つぎはWOOD-ST。こちらは入力しやすくわかりやすいグリッド形式。最大150×150グリッドです。階数の制限は3階。4階建てはできないことは要注意です。スキップフロアは各階1層ずつです。わかりやすく入力しやすいですが、そのぶん制限は多いです。

最後は、SEIN木造。こちらはSEINのオプションなので、SEINのグレードによって制限を受けます。フルバージョンは無制限です。CEは柱600部材、梁1200部材、LEは柱200部材、梁400部材です。S造などではLEでもかなり大きな建物ができますが、部材数が多い木造ではLEはかなり厳しい制限といえます。ちょっと大きめな建物をやるにはCE以上が必須と考えます(リリース前なのでこの制限が木造に適用されるか???今後変更があるか?は不明です)。

任意形状系との違いは、計算書としての体裁が整うことでしょう。
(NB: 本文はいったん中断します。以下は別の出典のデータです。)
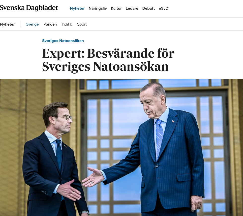 https://www.svd.se/a/l3eEmL/usa-politiker-turkiet-maste-halla-sig-till-avtalet?fbclid=IwAR3WqvhbZFJLre_U_ucUi2UMVCFoyYCwkjUPkFBAvSHuyRQ7D69bakc5pe4 " Mindre än en timme efter att Finlands flagga hissats utanför Natohögkvarteret i Bryssel radade tio amerikanska kongressledamöter, fem republikaner och fem demokrater, upp sig i en trång lokal en halv trappa ned i försvarsdepartementet i Stockholm. Tillsammans med svenska försvarsministern Pål Jonson (M) och civilförsvarsminister Carl-Oskar Bohlin försäkrade de på en pressträff att USA fortsätter stödja att Sverige snarast ska kunna följa Finland in i försvarsalliansen. – En del av vad USA gör är att öppet stödja Sverige, och ett sätt vi gör det på är genom att vara här i dag under en väldigt historisk tidpunkt för oss och uppenbarligen för Sverige, säger republikanen Sam Graves, ledamot i USA:s representanthus. Han tar upp den överenskommelse som Sverige, Finland och Turkiet undertecknade i juli förra året, där Turkiet ställer krav för att godkänna Sverige i Nato. Ungern kommer troligen att godkänna Sverige så snart Turkiet säger att man kommer att ge grönt ljus, tror Sam Graves. – Vi har sett med vilken engagemang Sverige har uppfyllt de skyldigheter som lades fram i samförståndsavtalet. Och Turkiet måste hålla sig till det också och inte ändra sig halvvägs. En av sakerna vi kommer att uppmana Turkiet att göra är att hålla sig till överenskommelsen. Demokraten Rick Larsen, också han i representanthuset, säger att det är väldigt viktigt att också Sverige är medlem i Nato innan toppmötet i Vilnius i juli. – Jag tror att det är ännu viktigare att Turkiet och Ungern agerar före det, för det kommer att visa deras engagemang för alliansen. Rick Larsen säger att Sverige visat starkt engagemang för Nato redan när landet inte är medlem. – Jag ser fram emot den dag Sverige är medlem. Men om Turkiet och Ungern inte agerar före Vilnius sänder det ett starkare budskap till Ryssland än någon annanstans. Och det är inte ett budskap som Turkiet och Ungern borde vilja sända. På en fråga om vad det betyder för Natos öppna dörr-policy, som säger att alla länder som uppfyller Natos krav ska få bli medlemmar, svarar Rick Larsen att alla Natoländer måste diskutera om de fortsätter att stödja alla Natoprinciper. – Det inbegriper öppna dörr-policyn och det gäller för Turkiet och det gäller för Ungern att de fortsätter att lyda under de principerna. Också USA:s president Joe Biden pressade på för att Sverige ska bli fullvärdig medlem. I ett uttalande där han välkomnade Finland som den 31 medlemmen uppmanade han Turkiet och Ungern att ”utan dröjsmål” ratificera Sveriges ansökan. Den brittiske premiärministern Rishi Sunak uppmanar alla Natoländer att godkänna Sverige som medlem, rapporterar El País. Pål Jonson hoppas att Sverige ska vara medlem i Nato innan Vilniusmötet. – Nato befinner sig i ett transformativt läge och då är det naturligtvis viktigt för oss att kunna vara fullvärdiga medlemmar. Pål Jonson säger att Sverige är säkrare än innan landet ansökte om Natomedlemskap, och pekar på säkerhetsförsäkringar från stora Natoländer som USA. – Men det bygger också på ett mycket aktivt militärt övningsmönster som USA men även andra länder bedriver i vårt närområde. Kongressdelagationen och ministrarna diskuterade också det svenska totalförsvaret, som enligt Carl-Oskar Bohlin är något som Sverige kan bidra med i Nato. – Det senaste året har verkligen visat på bred front i Europa betydelsen av att arbeta med resiliens. Både för att kunna hantera angrepp i cyberdomänen, men också för att se på till exempel energifrågan i ett säkerhetspolitiskt perspektiv. Det har blivit smärtsamt tydligt för Europa att detta detta måste göras på ett samlat sätt."https://www.svd.se/a/bge5lq/expert-besvarande-for-sveriges-natoansokan?fbclid=IwAR37MVi6cIwz6OQQ0cCAOxwp5xXuZulUqyG_9ZiUmx-CdCXL8v0S-36Phw0 Domen om att det var fel att neka koranbränningar i Stockholm försvårar Sveriges Natoprocess, säger tidigare Turkietambassadören Michael Sahlin. Men på sikt lär Sverige släppas in. Expert: Besvärande för Sveriges Natoansökan – Det klart att det är något som försvårar den redan svåra Natoanslutningsfrågan, det är så lätt för Turkiet att haka på detta, säger Sahlin som är verksam vid Stockholms internationella fredsforskningsinstitut (Sipri). Även om valkampanjen i Turkiet inför valet den 14 maj domineras av jordbävningskatastrofen i februari så är Sveriges Natoansökan också ett aktuellt ämne. – Jag befarar att det här är något som plockas upp i den turkiska valkampanjen och av Erdogan personligen i fler låsande uttalanden, säger Sahlin. Oppositionen i Turkiet, som enats kring presidentkandidaten Kemal Kilicdaroglu, ogillar också koranbränningar starkt. Även om det skulle bli en regimförändring i landet så är inte förvaltningsrättens besked till fördel för Sverige, fortsätter han. När den högerextreme dansksvenske politikern Rasmus Paludan fick tillstånd att bränna Koranen framför Turkiets ambassad i Stockholm så möttes det av kraftiga reaktioner från Turkiet och muslimska länder. Samtalen med Sverige och Finland om Natointrädet avbröts. – Det väckte ursinniga kommentarer och togs till intäkt för att ställa in processen kring det här trilaterala avtalet. Det blev huvudskälen och inte att Sverige skulle utvisa flera personer, säger Michael Sahlin. President Recep Tayyip Erdogan sade också att så länge Sverige tillåter att Koranen bränns och förstörs så kommer Turkiet inte att säga ja till Sveriges Natoansökan. Samtidigt ser Michael Sahlin inte risken att förvaltningsrättens dom skulle göra att Turkiet helt nekar Sverige Natointräde på sikt. Detta eftersom det finns ett tryck från andra Natoländer för att Sverige ska få gå med. –

たぶん、FAP-3とMED-3でも同じ事はできますが、あくまでそのインプットとアウトプットの出力は出ても、建物としての一貫した計算書は作れません。その意味では3ソフトとも十分省力化は可能です。あとはやりたいことと操作性と価格で選んでいけばいいと思います。

WOOD-STの、耐力壁(木造・方杖、K形ブレース、X形等)の取り扱い

なかなか構造システムのホームページに詳細が上がらないので、現時点でわかっている点をいくつか。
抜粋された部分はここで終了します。